DETAILED DESCRIPTION OF EMBODIMENTS
[0022] Referring to FIG. 1, there is shown a diagram illustrating a
diagram illustrating a room-impulse-response (RIR) estimation
system 100.
[0023] As shown in FIG. 1, RIR estimation system 100 includes sound
sources 105, from which audio may be captured by lavalier
microphones 110 (shown, by way of example, in FIG. 1 as lavalier
Mic1 and Mic 2) and microphone arrays 115 (shown, by way of
example, in FIG. 1 as Mic array Mic1 and Mic array Mic2) and
thereafter processed.
[0024] The sound sources 105 (for example, sound source 1 and sound
source 2) may be mostly audible to their respective lavalier
microphones 110 and all microphones in the microphone array 115.

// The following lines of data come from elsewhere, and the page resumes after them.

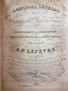 LEFÈVRE (A.P.) - Armorial général de la Chambre des Pairs de France par M. le Chevalier de Courcelles sur les Pairs de France, successeur de M.de Saint-Allajs. — Paris, Lefèvre Graveur, 1822. — 2 parties en un volume in-4 (20,5x27cm).
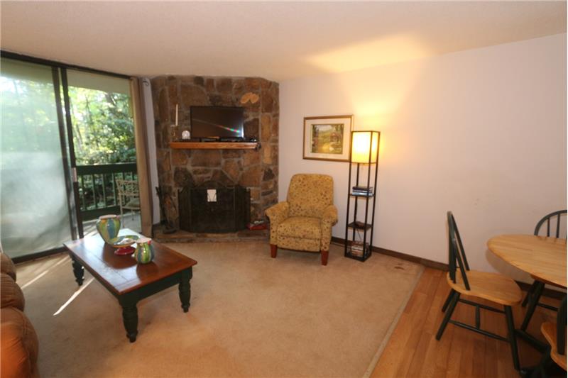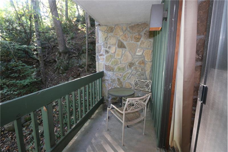 One-bedroom, one-bath condo located in the heart of Gatlinburg. This condo sits directly above a stream, and you can walk out onto the balcony to view it. As you walk out the front door, you view the stream as it comes off the waterfall.. Along with the swimming pool off to the right. There are laundry machines located downstairs. The condo is fully furnished. Ready to be used as a vacation home or as a short-term rental. A wood-burning fireplace with a stone hearth. Put in your own personal decor and be ready to rent
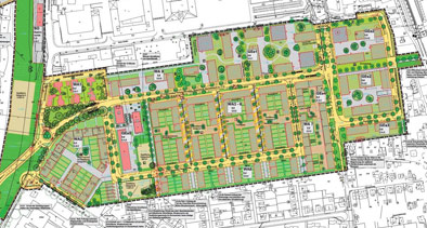 Die Straßenraumbegrünung erfolgt mit Baumreihen entlang der Erschließungsstraßen und des östlichen Fußgängerweges.
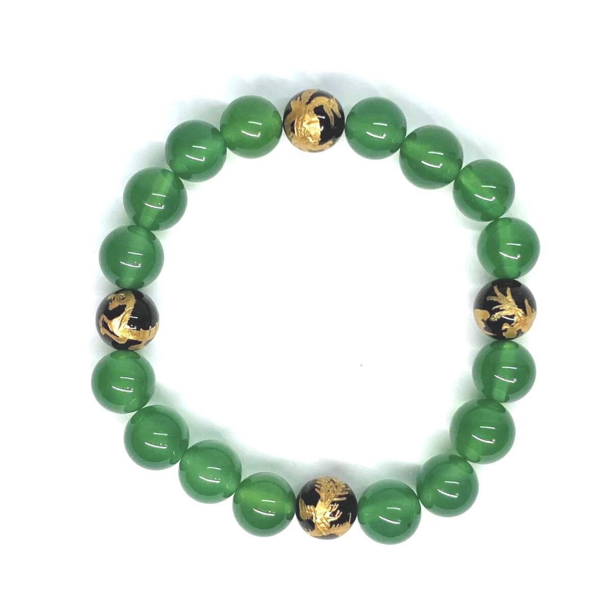 ご覧頂いているブレスレットは、四神獣金彫オニキスと緑瑪瑙を組み合わせたブレスレット。守り神である四神とパワーストーンの組み合わせで運気の流れを引き寄せる強運ブレスレットです。シンプルなデザインで男女問わず、年齢問わずご使用頂けるデザインなっております。シンプルなデザインは日常のアクセントとして、仕事やビジネスカジュアル、パーティーや特別なイベントなど様々なシーン活用できます。また、ちょっと贈り物にも最適なブレスレットになっております。四神獣を身につけて厄災から身を守り、多くの運気を呼び込まれてください。
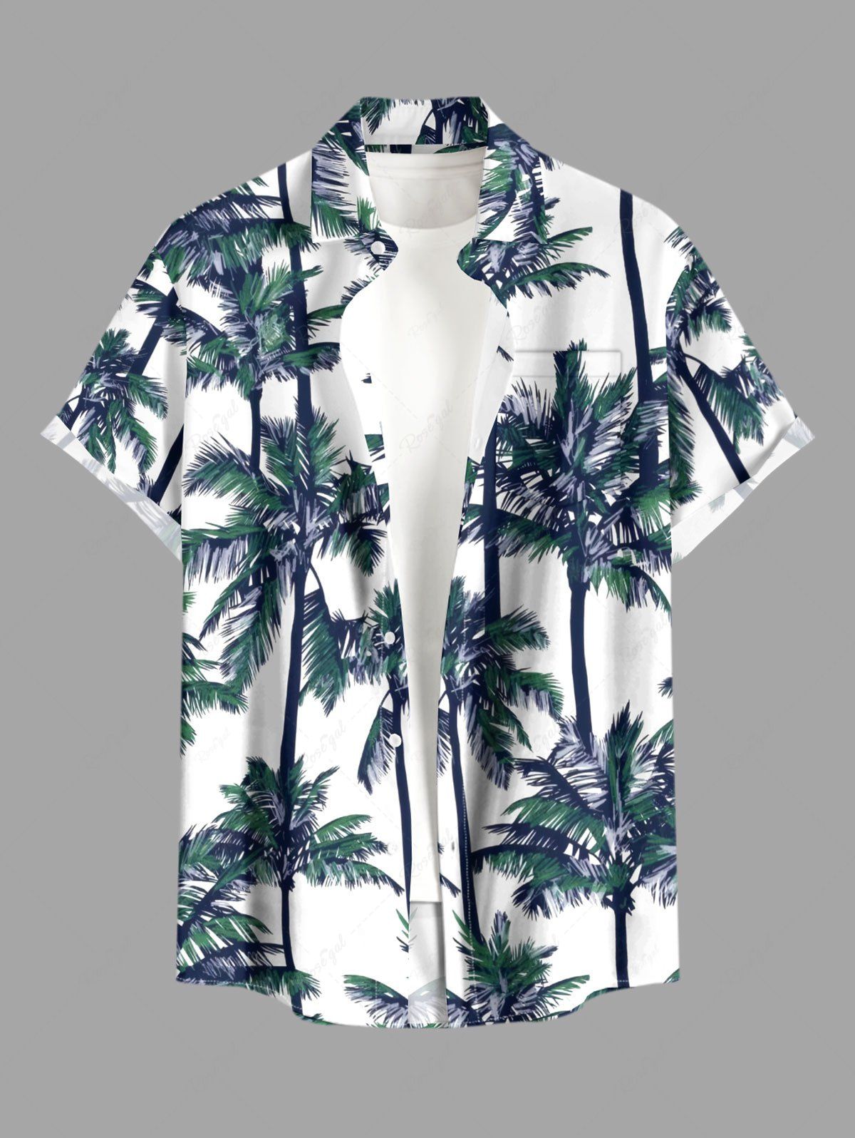 Plus Size Coconut Tree Print Hawaii Button Pocket Shirt For Men - Xl
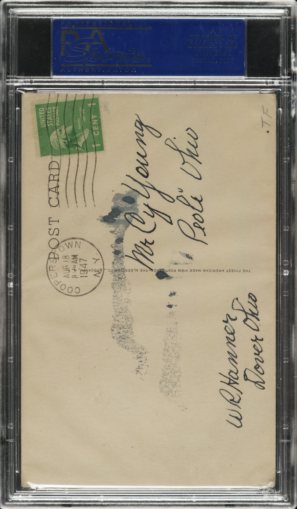 Black-and-white Hall of Fame plaque postcard (Albertype, Type 1) of pitcher Cy Young signed by him in black ink along the base. PSA/DNA has encapsulated the card and certified the signature as “Authentic.” Cy Young is one of the most desirable of all signed black-and-white Hall of Fame postcards. Black-and-white Hall of Fame postcards were issued only between the years 1944 and 1963. Young was elected to the Hall of Fame in 1937, and he died in 1955. The postcard (3.5 x 5.5 inches) has been addressed and mailed on the reverse and has a couple of creases. Technically in Fair condition.
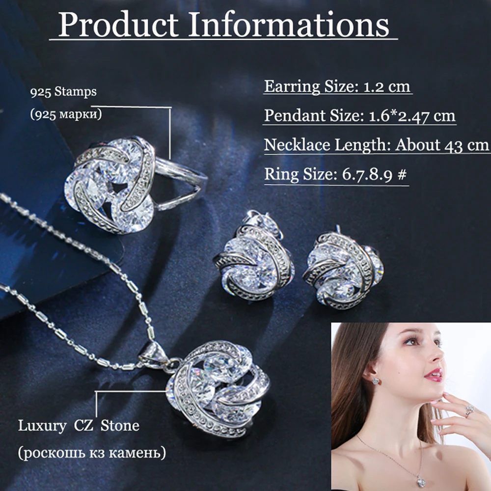 New ThreeGraces New Fashion 925 Silver Jewelry Sets Cubic Zirconia Knot Earrings Necklace and Ring Set
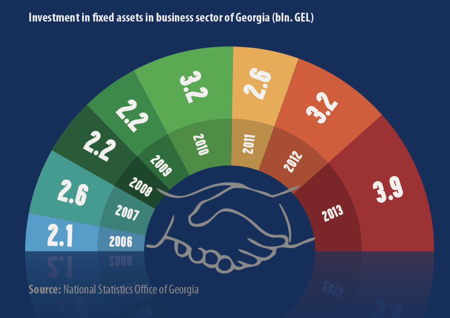 The volume of direct foreign investments made in Georgia in 2012, 2011, 2010, 2009, 2008, 2007 and 2006 totaled $912 mln, $1.117bln, $553.1 mln, $658.4 mln, $1.5 bln, $2.01 bln and $1.2 bln respectively.
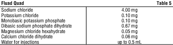 Fluad® Quad may also contain traces of kanamycin sulfate, neomycin sulfate, egg proteins (ovalbumin), formaldehyde, cetrimonium bromide, sucrose, and hydrocortisone as residues of the manufacturing process.
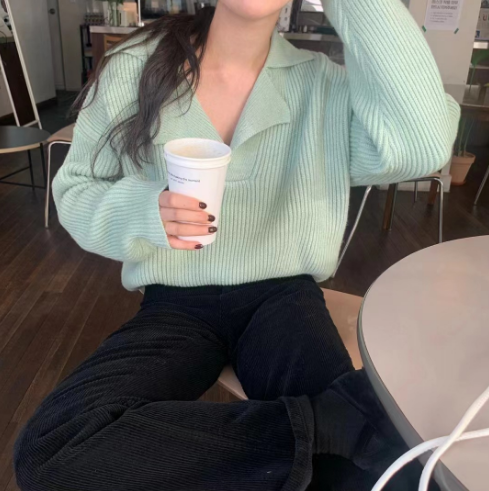Elegant Krave: Den klassiske krave giver et strejf af raffinement og løfter sweateren fra enkel basis til et mere sofistikeret valg.
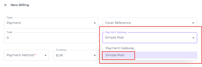 You will be prompted to specify the payment type. Although the field is labeled Payment Gateway, this is where you select Simple Post.

For example, sound source 1 may be audible to lavalier Mic1 and Mic
array Mic1 and Mic array Mic2.
[0025] The lavalier microphones 110 are example near-field (for
example, close field) microphones which may be in close proximity
to a user (for example, worn by a user to allow hands-free
operation). Other near-field microphones may include a handheld
microphone (not shown), etc. In some embodiments, the near-field
microphone may be location tagged. The near-field signals obtained
from near-field microphones may be termed "dry signals", in that
they have little influence from the recording space and have
relatively high signal-to-noise ratio (SNR).
[0026] Mic array mics 1 and 2 are examples of far-field microphones
115 that may be located relatively far away from a sound source
105. In some embodiments, an array of far-field microphones may be
provided, for example in a mobile phone or in a NOKIA OZO(.TM.) or
similar audio recording apparatus. Devices having multiple
microphones may be termed multichannel devices and can detect an
audio mixture comprising audio components received from the
respective channels.
[0027] The microphone signals from far-field microphones may be
termed "wet signals", in that they have significant influence from
the recording space (for example from ambience, reflections,
echoes, reverberation, and other sound sources). Wet signals tend
to have relatively low SNR. In essence, the near-field and
far-field signals are in different "spaces", near-field signals in
a "dry space" and far-field signals in a "wet space".
[0028] The audio from the lavalier microphones 110 and microphone
arrays 115 may be processed via short-time Fourier transform (STFT)
120 and RIR estimation (RIRE) 130 may be determined. The RIR may be
estimated from an external mic captured source to a microphone
array, a wet projection (project 140) of the external microphone
captured signal may be computed to the array, and a source may be
separated from the array. Sound source 1 and Sound source 2 (for
example, sound sources 105) may be taken simultaneously into
account when estimating the RIRs.
[0029] RIRE 130 may estimate RIR from the external microphone to
the array microphone, and use the estimated RIR to create a "wet"
version of the external microphone signal. This may include the
removal or addition of close field signal to far-field signal
150.
[0030] In some embodiments RIR filtered (for example, projected)
signals may be used as a basis for generating Time/Frequency (T/F)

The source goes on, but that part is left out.